Research yielded detailed guidelines for the selection of almost 200 features and services, representing those attributes that provided the highest utility for the target segments at prices they were willing to pay in a competitive environment. An important aspect of the study was that it focused not only on what travelers wanted, but also identified what they liked but weren’t prepared to pay for (there is a difference, after all, between wanting something and being willing to pay for it!).

Marriott was encouraged by research results to build 3 hotel prototypes “Courtyard by Marriott”. After testing the concept under real world conditions and making some refinements, the company subsequently developed a large chain whose advertising slogan became “Courtyard by Marriott – the hotel designed by business travelers”.

Using the same research methodology, Marriott, later, developed 2 more products – Fairfield Inn and Marriott Suites.

Note, the success is in part due to successful locations – distribution strategy. Retail site location is a science in itself and choices are often based on extensive research.

Another example: Citicorp’s Retail Banking Laboratory. The company developed retailed banking equipment and was testing it real environment with video-capturing the interaction (encounters).

Middle-aged woman responded about dealing with touch-screen ATM: “sort of like dealing with a real person”.

The role of blueprinting in service design.

“Ingredients of the recipe is not enough”. Mixing and cooking instructions are needed.

In services, it is about service staff knowing what is expected of them and customers understanding their own role in service delivery.

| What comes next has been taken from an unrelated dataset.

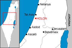 Localization of Holon within Israel.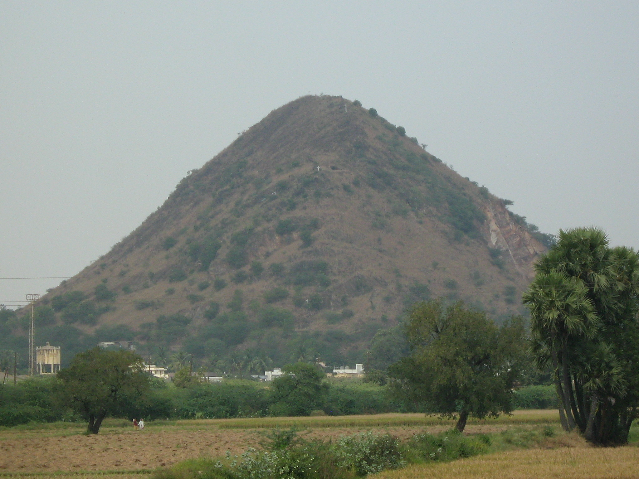 Pakhala Hills Near Khammam, Andhra Pradesh, India

Finally, time frames involved in each activity are to be specified.

Recent fashion in service industry is “fast-cycle operations” – essentially, speeding up servicing, what becomes a competitive edge of a company.

Flowcharting vs. blueprinting.

Customer experience can be depicted by a flowchart, service design requires a more sophisticated technique called blueprinting, which considers all activities necessary to create and deliver a service, as well as linkages between these activities.

Requirements that must be met for a service blueprint to be effective.

1.  Because processes take place in time, the blueprint must show time dimensions in a diagrammatic form.

2.  Like methods engineering, the blueprint must identify and handle errors, bottlenecks, reiterations, and so forth.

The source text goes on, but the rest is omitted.